The guy had his fingers on his right ear. “Yeah . . . Yeah, good. Copy that!”
“I fucking told you I didn’t do anything.”
He turned to me, smirking. “I told you, Cardona. We got you cornered finally, and you’re not getting out of this one. Not again.”
“Man, I don’t understand, just please explain it to me all.” I brushed my dark coal hair backward. “I don’t understand anything and now . . . just . . . Man!” I grabbed a rock and threw it across the roof, not getting even near to the other roof. I got to my knees, tears coming from my eyes.
“Please, please . . . I . . . don’t understand anything,” my eyes getting red, my throat a living cactus. “Just promise me you . . . you’ll make everything possible to tell all of them that my name isn’t Mark Carlos—”
“Cardona. Yeah.”
“—And you’ll . . . you’ll . . .” a hand patted my back, staying right there as a support. I felt the presence of the officer at my side. “Please, just make sure that my wife and children are okay. Please . . . please officer.”
The wind whistled across the roof, hitting a bunch of tree branches at its pace. My skin shivered, and I felt alone, abandoned, memories of when I was a child came back to me. The cafeteria at high school when everyone chose their groups to eat and talk. The basketball games were the coach wouldn’t get me off the bench, or the times my father told me to stay in my room and ‘reflect upon my actions.’
It felt like bullshit, I felt like complete bullshit. I looked up at the sky just to see the complete emptiness of clouds and planes. Planes too were considered as emptiness, right?
“Hey. Everything’ll be all right I just . . . Oh my god! I just feel like a complete asshole trying to catch you when you were just doing parkour on the roofs—I mean, that comes with a little penalty fee, but nothing too hard to pay, something your wife won’t be happy to pay, but . . .”
I tried for a laugh that came more as a cough than a laugh. “She never liked me for doing parkour, but the kids came . . . the kids came.”
Out of the corner of my eyes, I saw a little smirk of the officer, a smirk that made him look a hell lot more like the Chris Hemsworth guy from the movies.
“I’ll-I’ll come my mates to tell them it was a false alarm. I’m . . . I’m super sorry about this. But you’ll come with me anyway, and after that . . . a pizza night? Maybe you can tell me something more about that wife and kids you have.”
The winds hustled harder against both of us. Seeing the sky now made a feel of calmness, relief all across my body. The sun smiling at the clouds who were playing with the planes that were carrying people; the moon already showing up from behind the mountains; Oh, wait.

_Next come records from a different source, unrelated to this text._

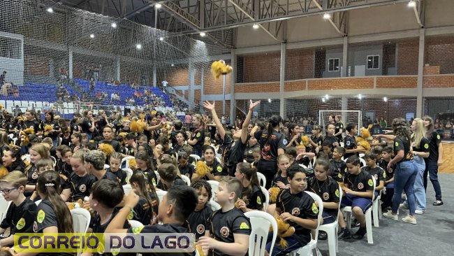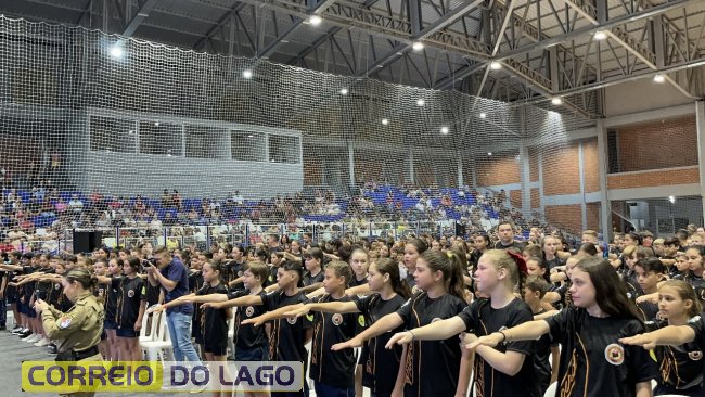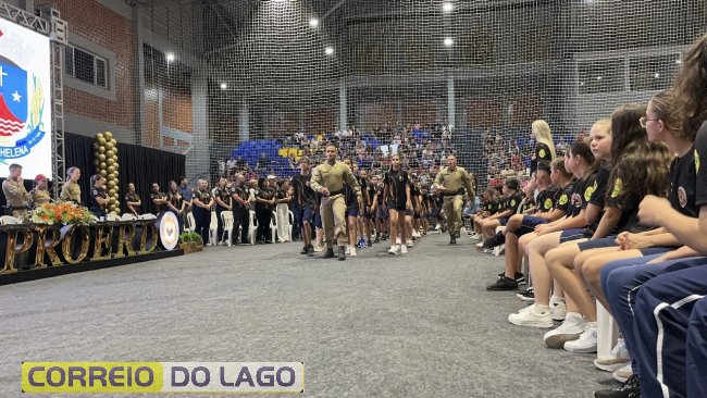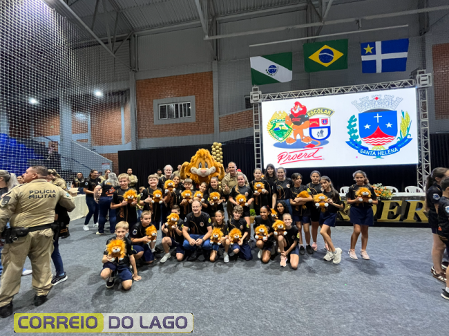 Santa Helena celebrou na noite desta quinta-feira (4) a formatura do PROERD 2025, reunindo 375 estudantes do quinto ano, no Ginásio de Esportes Máximo Vasatta. O evento, marcado por grande participação da comunidade escolar, contou com o apoio fundamental da Cooperativa Sicredi Vanguarda PR | SP | RJ, patrocinadora oficial da cerimônia e parceira ativa de iniciativas educativas no município.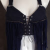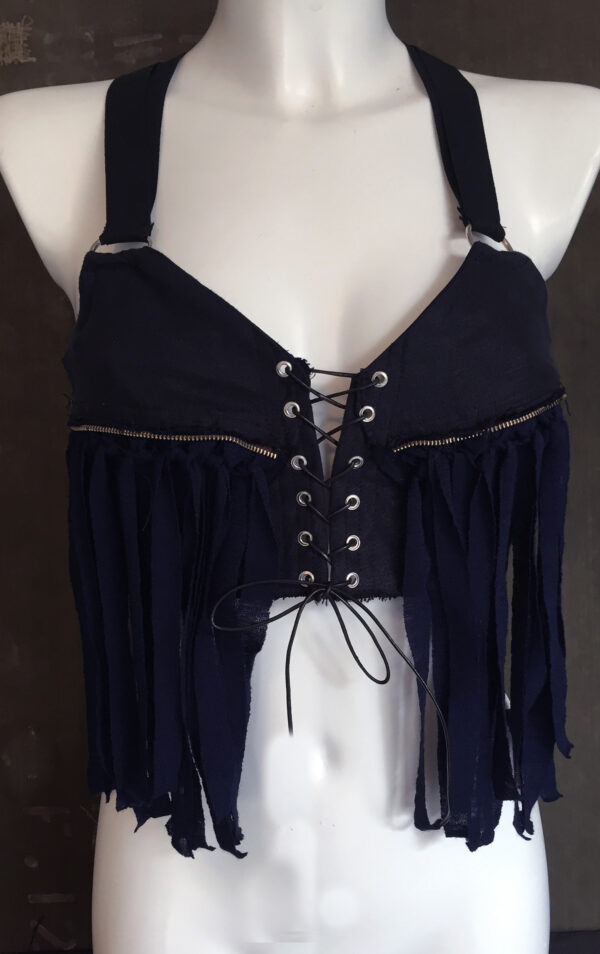 Made from blue cotton and jersey with tassles and zipper elements at the front cups.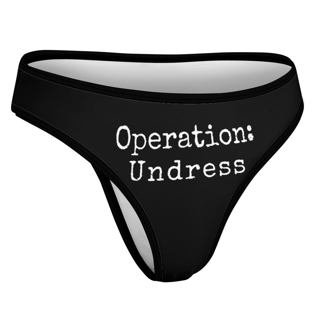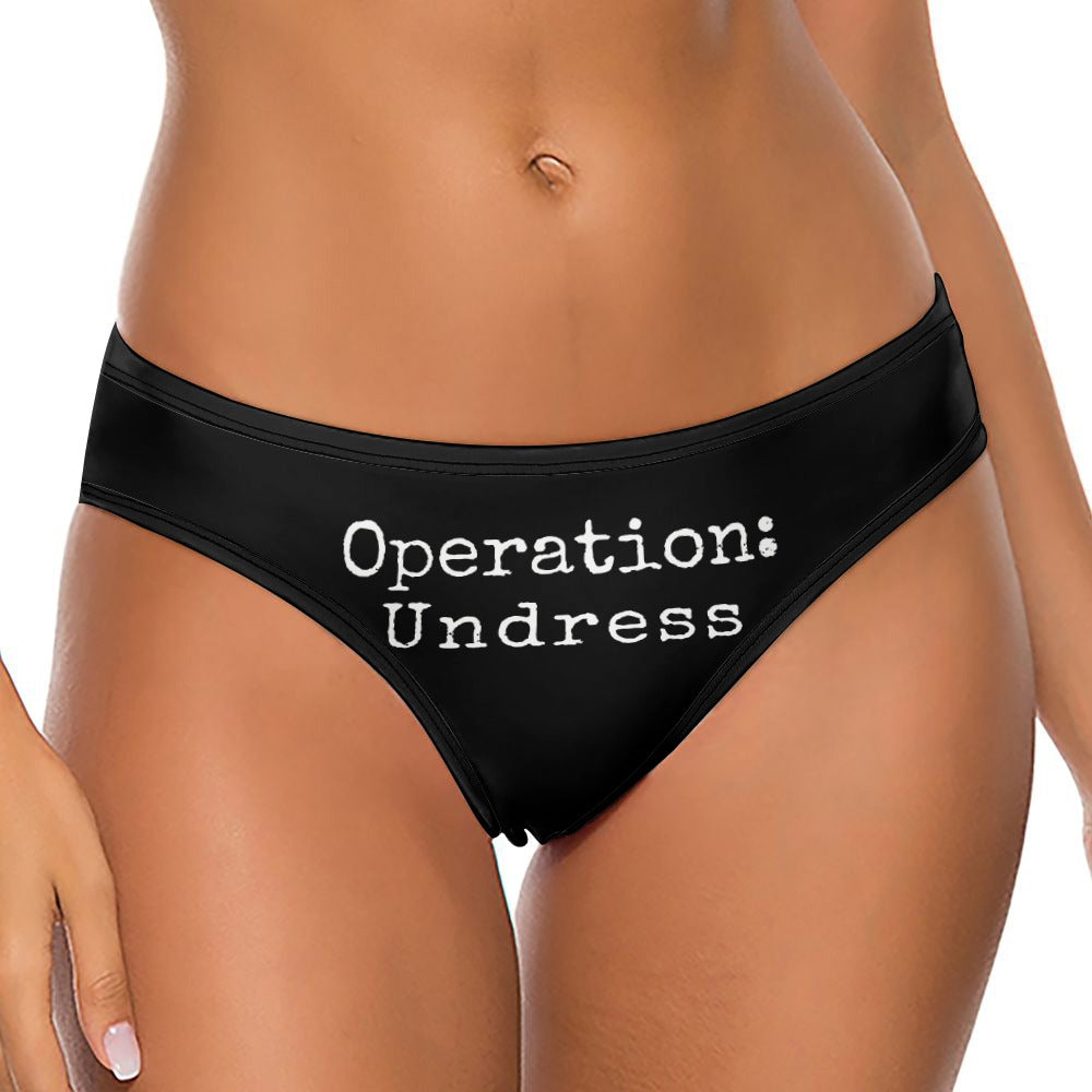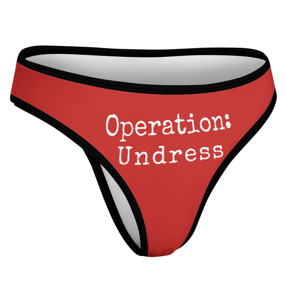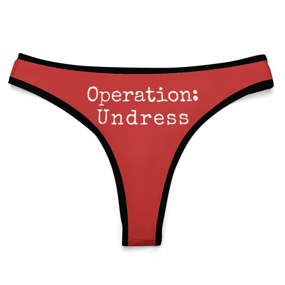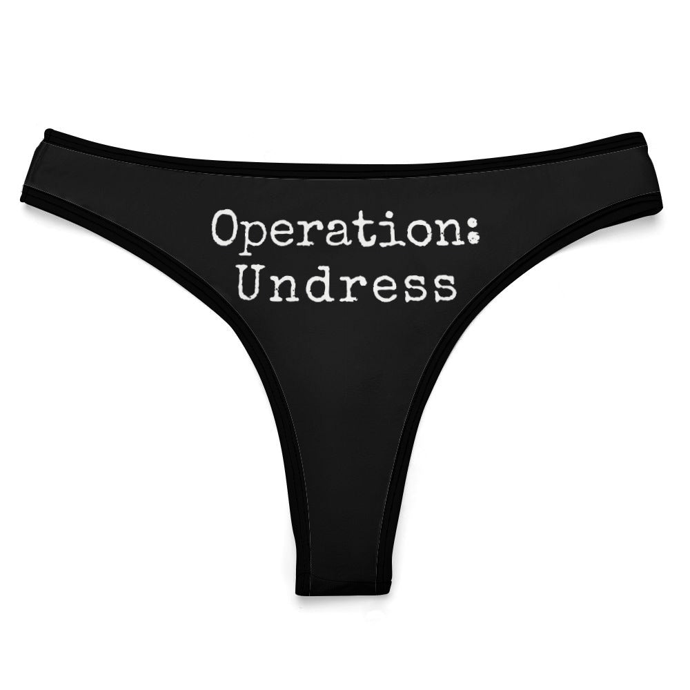 With its elastic waistband and curve-hugging fit, it flatters every shape while staying comfortable all day. The breathable, skin-friendly inner lining keeps you fresh, while the bold slogan “Operation: Undress” ensures laughs (and maybe a little blushing).

Did I mention the silent helicopter that was hovering just above us?
I smiled, getting myself back up to my feet, the officer smiling at my side too, keeping his hand on my back. “Weather is cold, isn’t it?”
“Yeah. Bet your kids are enjoying this weather. My kids . . . it’s incredible how much they enjoy staying outside till they get some kind of virus. Wait till the snow gets to town. They’ll be crazy.”

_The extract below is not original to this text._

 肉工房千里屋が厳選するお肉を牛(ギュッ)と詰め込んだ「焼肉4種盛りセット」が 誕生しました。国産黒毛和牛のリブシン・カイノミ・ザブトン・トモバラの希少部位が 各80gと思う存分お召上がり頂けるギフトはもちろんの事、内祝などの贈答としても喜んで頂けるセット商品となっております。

“Shame we won’t be seeing each other again, Officer McLaughlin.”
“We can arrange some things between—Wait, how do you know my name?”

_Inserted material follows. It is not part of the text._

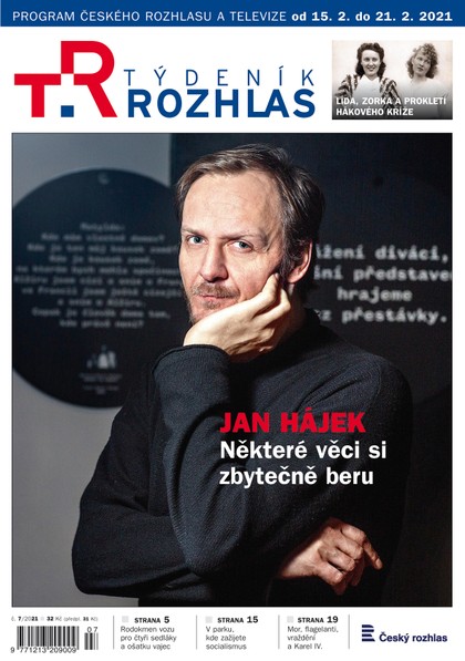 Tváří nového Týdeníku Rozhlas, který vychází v pondělí 8. února, je herec Jan Hájek. V titulním interview vypráví o úskalích své profese i o představení Serotonin podle předlohy kontroverzního Michela Houellebecqa. Dočtete se také o jiné slavné knize, Matka Noc od Kurta Vonneguta, z níž se bude číst na pokračování na stanici Vltava. A s Ivanem Motýlem se přenesete do února roku 1929, kdy v Čechách udeřila tisíciletá zima.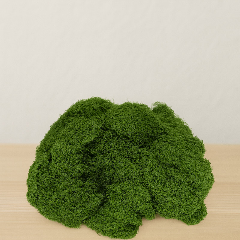 Élethű moha selyemhatású szálakból, tartós és újrahasználható kivitelben. Ideális virágkötészethez, koszorúkhoz, asztaldíszekhez és kreatív dekorációkhoz. Nem szárad ki, könnyen formázható. Sötét, elegáns zöld árnyalat, amely mélységet és kontrasztot ad a dekorációknak.

A wide smile filled my entire face, “Shame I had to hit you. You were right all the time.”
“What?”
“I’m indeed Mark Cardona, and now I have a flight waiting for me.” I punched him in the face, his body crawling onto the floor as it groaned with terror. I looked at the blood on my knuckles, pure happiness. “See ya, Officer.”
I went around the officer’s body that was just naming a lot of bad insults towards my name. My mom would’ve been proud of this. I grabbed the rope that was hanging from the helicopter and looked at the beautiful face of my girlfriend in the pilot’s seat.
“Ready to go, Baby.”
The helicopter went up higher into the rushing winds, my hands holding steady to the rope that made all of my life right now. It fell, I died. I didn’t like to think it in that way; it had worked for all those years stealing heists that I doubted it just broke like that.
At my feet, a little dot was raising and shouting indistinct things. Some I did catch up. “I’m going to catch you someday. Someday I’m going to catch you, Mark Cardona.”
“I really hope you do,” I muttered to myself. “I really hope you do, my dear friend.”